There are a number of differences in the content of financial statements for companies: terminology used, tax, dividends and the content of the financial statements. I will briefly mention the differences here and then we will look at some of them in more depth in later posts.

Terminology

As we move from considering unincorporated entities (sole traders and partnerships) to companies, the accounting terminology differs to bring company accounts in line with accounting standards.

Tax in company accounts

So far, tax has not played a part in any of the accounting statements that we considered for sole traders and partnerships. This is because partnerships and businesses run by sole traders do not have separate legal personality, and therefore do not pay tax. The partners or the sole trader pay tax by reference to their own personal tax computations.

Companies however do have a separate legal personality, and as such, they must pay tax on their own account. In practice, therefore, the Profit and Loss Account of a company includes a statement of the tax the company should pay on its profits.
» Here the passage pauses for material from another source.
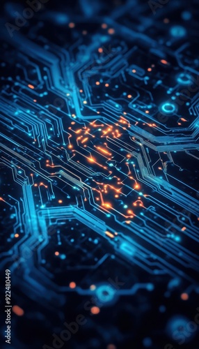 Close-up of a futuristic circuit board with glowing blue and orange lights, representing advanced technology and digital connectivity.
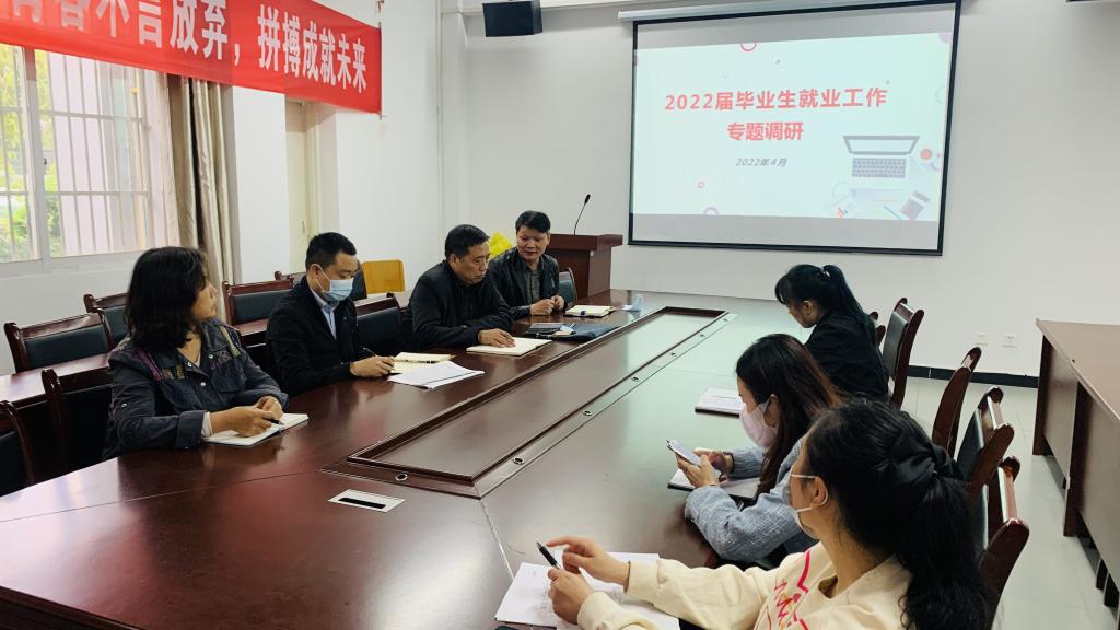 4月12日,副校长王文凯、招就处副处长胡显署一行来外语学院调研就业工作,学院班子成员、毕业班辅导员参加座谈会。

This is corporation tax and will ultimately affect the profitability of the company.

Dividends

The owners of companies are shareholders and the shareholders’ return on their investment is the dividend that they may receive.

Like drawings that a sole trader takes from his business, a dividend is an appropriation of profits (after tax). It is not an expense of the business. In practice, dividends will usually appear in a financial statement called the ‘statement of equity’ (or ‘statement of changes in equity’) because they are transactions between the company and its shareholders. Dividends are also sometimes included in an addition to the Balance Sheet called the Statement of Changes in Equity (SoCiE). This shows profits brought forward and added to current year profits subject to any deductions for dividends. The resulting ‘Retained Earnings’ will appear on the bottom half of the Balance Sheet, showing the total profits carried forward to the next accounting period.

Capital accounts: the bottom half of the balance sheet

Company accounts follow a format which differs from those of sole traders and partnerships. The main difference relates to the bottom half of the Balance Sheet and this is due to the fact that the capital of a company consists of share capital, reserves and retained earnings.